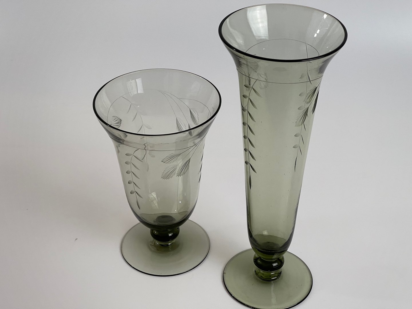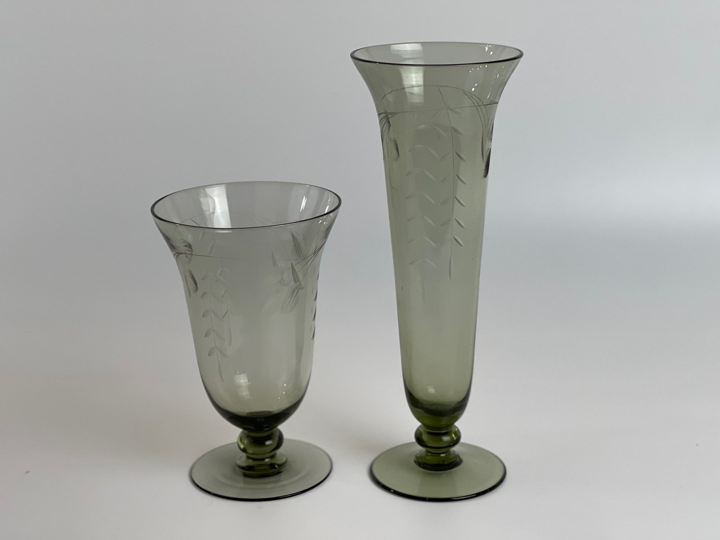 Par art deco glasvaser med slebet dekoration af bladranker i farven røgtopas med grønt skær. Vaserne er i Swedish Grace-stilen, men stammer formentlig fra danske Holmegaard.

┄┄┄┄┄┄┄┄┄┄┄┄┄┄┄┄┄┄┄┄

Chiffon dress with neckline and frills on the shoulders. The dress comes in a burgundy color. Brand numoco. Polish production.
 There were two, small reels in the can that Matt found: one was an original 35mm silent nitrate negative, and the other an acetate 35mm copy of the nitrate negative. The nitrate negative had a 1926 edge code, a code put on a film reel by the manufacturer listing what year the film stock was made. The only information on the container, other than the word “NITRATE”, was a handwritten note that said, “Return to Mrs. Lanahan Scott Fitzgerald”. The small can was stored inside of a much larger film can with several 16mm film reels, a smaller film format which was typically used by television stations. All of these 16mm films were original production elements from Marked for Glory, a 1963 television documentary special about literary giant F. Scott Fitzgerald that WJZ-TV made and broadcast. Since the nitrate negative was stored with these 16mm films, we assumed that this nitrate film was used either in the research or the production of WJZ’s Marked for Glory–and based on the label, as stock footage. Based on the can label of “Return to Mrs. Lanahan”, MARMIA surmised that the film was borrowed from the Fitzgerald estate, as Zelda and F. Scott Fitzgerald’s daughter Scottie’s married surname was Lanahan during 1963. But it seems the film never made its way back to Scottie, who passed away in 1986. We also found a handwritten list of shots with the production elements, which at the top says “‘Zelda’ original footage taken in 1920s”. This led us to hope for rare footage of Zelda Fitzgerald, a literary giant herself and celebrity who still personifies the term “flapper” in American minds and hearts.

┄┄┄┄┄┄┄┄┄┄┄┄┄┄┄┄┄┄┄┄

▶ TASK TO CARRY OUT:
A verbatim transcription is needed of the lines above, starting at the line with "Chiffon dress with" and ending at the line with "There were two, small", both included, and of nothing else.

▶ FINISHED EXERCISE:
Chiffon dress with neckline and frills on the shoulders. The dress comes in a burgundy color. Brand numoco. Polish production.
 There were two, small reels in the can that Matt found: one was an original 35mm silent nitrate negative, and the other an acetate 35mm copy of the nitrate negative. The nitrate negative had a 1926 edge code, a code put on a film reel by the manufacturer listing what year the film stock was made. The only information on the container, other than the word “NITRATE”, was a handwritten note that said, “Return to Mrs. Lanahan Scott Fitzgerald”. The small can was stored inside of a much larger film can with several 16mm film reels, a smaller film format which was typically used by television stations. All of these 16mm films were original production elements from Marked for Glory, a 1963 television documentary special about literary giant F. Scott Fitzgerald that WJZ-TV made and broadcast. Since the nitrate negative was stored with these 16mm films, we assumed that this nitrate film was used either in the research or the production of WJZ’s Marked for Glory–and based on the label, as stock footage. Based on the can label of “Return to Mrs. Lanahan”, MARMIA surmised that the film was borrowed from the Fitzgerald estate, as Zelda and F. Scott Fitzgerald’s daughter Scottie’s married surname was Lanahan during 1963. But it seems the film never made its way back to Scottie, who passed away in 1986. We also found a handwritten list of shots with the production elements, which at the top says “‘Zelda’ original footage taken in 1920s”. This led us to hope for rare footage of Zelda Fitzgerald, a literary giant herself and celebrity who still personifies the term “flapper” in American minds and hearts.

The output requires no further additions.